Helena was about to respond when she felt Megan's hand on her arm. "You should come back to his bedroom," Megan said, looking down and smiling, cheerfully, at the beagle, still whining, still snuffling at her feet. "He looks pretty well fed for a puppy left on his own for a week."
"Better check the kitchen for what's left of Mother Butler," Helena said dryly, tucking the phone into her shoulder bag.
Megan grimaced, casting an anxious look, which didn't rest well on her features, toward the back of the house. Helena left her to find Ernie in one of the bedrooms, which were off a narrow hallway from the living room. He was powering on a computer, which shared space on a drop-leaf table with a printer. The table was set against the one area of the wall that wasn't covered with movie posters and old black and white stills of Westerns. The other walls of the room were similarly papered with posters and shelves held lunchboxes and games featuring the names and characters of television Westerns. Stagecoach, She Wore a Yellow Ribbon, My Darling Clementine, Gunsmoke, Bonanza. Helena made a circuit of the room, noticing that many of the posters and stills featured John Wayne. On the nightstand next to the twin bed were stacks of paperback Westerns. A cowboy hat hung from a bedpost.
"It's slow," Ernie said, frowning at the monitor.
"Turn it off. We'll take the CPU and work on it at the Warehouse." Helena opened the drawers of the nightstand and then the dresser. Nothing of interest. She hadn't found a phone on Butler, and she didn't see one here. Perhaps he had left it in his car, which was parked somewhere in Ellis more than likely. She wasn't venturing there again unless she knew she wouldn't be given another unasked-for courtesy ride to the sheriff's office. A cursory check of the closet revealed nothing of interest either.
With Ernie clutching the CPU to his chest, she quickly searched the other bedroom. It looked like it had been undisturbed for years, if the dust on the bureau was any indication. The bed was old-fashioned, the mattress and box springs set in a heavy, dark frame. The bedspread was patterned with roses as were the curtains at the windows. There would be nothing of Gene's in this room. When they returned to the living room, Megan was sitting on the couch, the beagle sitting next to her.

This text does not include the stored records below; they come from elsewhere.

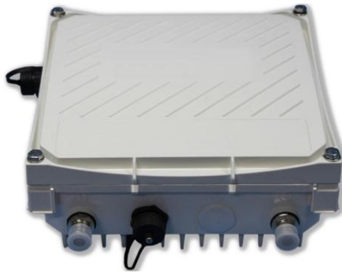
Figure 4 - AP-175 Wireless Access Point

The Aruba AP-175 is high-performance 802.11n (2x2:2) MIMO, dual-radio (concurrent 802.11a/n + b/g/n) indoor wireless access points capable of delivering combined wireless data rates of up to 600Mbps. This multi-function access point provides wireless LAN access, air monitoring, and wireless intrusion detection and prevention over the 2.4GHz and 5GHz RF spectrum. The multifunction AP-175 is an affordable, fully hardened outdoor 802.11n access point (AP) that provides maximum deployment flexibility in high-density campuses, storage yards, warehouses, container/transportation facilities, extreme industrial production areas and other harsh environments.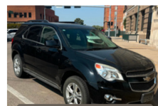
2013 Chevy Equinox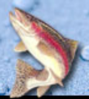
Striped Bass Data 2002 -2009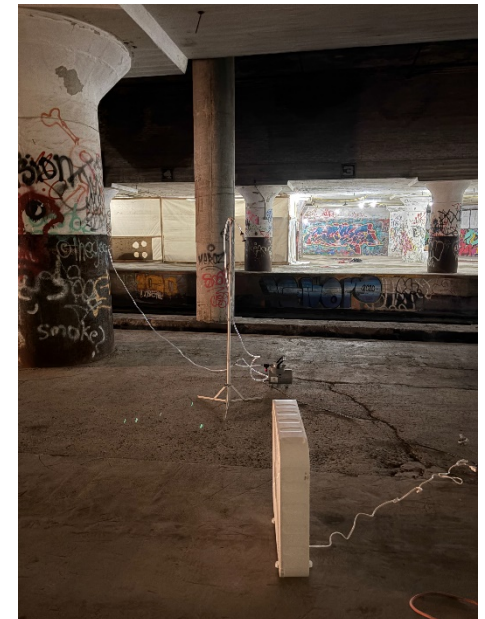
Final Air Clearance Sampling, Second Floor.

"Dillon had chewed opened a bag of dog food," Megan said, petting him. "There's a little doggie door cut into the back door so he can -"
"Yes, I think we understand," Helena said dismissively. "I know that you and, Dillon is it, have become fast friends, but we can alert the county's animal control -"

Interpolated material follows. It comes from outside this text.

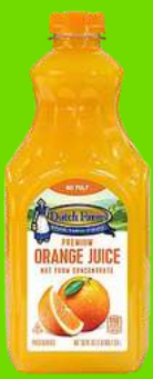
Dutch Farms Orange Juice 52 oz

"Where they'll put him down in a couple of weeks when no one claims him. Mr. Butler's not going to be able to claim him, is he?" Helena only looked at her impassively. "There's no one here to take care of him. There's a dog carrier on the back porch, it's how I learned his name."
"How is a beagle an asset in this investigation?" Helena shouted at Megan's back as she hurried to the kitchen.
Ernie gave her another wiseass grin. "You're a soft touch. That was rule number five."
When they came to a stop at the intersection with the highway, Dillon barking from the cargo area and Megan trying ineffectually to shush him, Ernie began to turn left to go back to Boise City, until Helena clamped her hand on his arm. "We have somewhere else to go first." She directed him to the turnoff to Esther's farm, and while he frowned at her uncertainly, he obediently drove the SUV down the narrow road. The house looked no less unoccupied than Gene Butler's, and Helena heard Ernie mutter under his breath, "No one's home," but he had no sooner said it than Esther came out onto the front porch, shading her eyes as the SUV entered her driveway. She held the neutralizing bag at her side.
"Wait a minute," Ernie said, eyebrows arching, "she's an agent, too?" He let the SUV roll to a gentle stop, and he stared at Helena in disbelief.
"Honorary." Helena looked at Ernie and Megan in turn. "I won't be long." Feeling that she was addressing them as she might the beagle, whose barking had decrescendoed into anxious whines, she said, "Be good and . . . keep your mind clear."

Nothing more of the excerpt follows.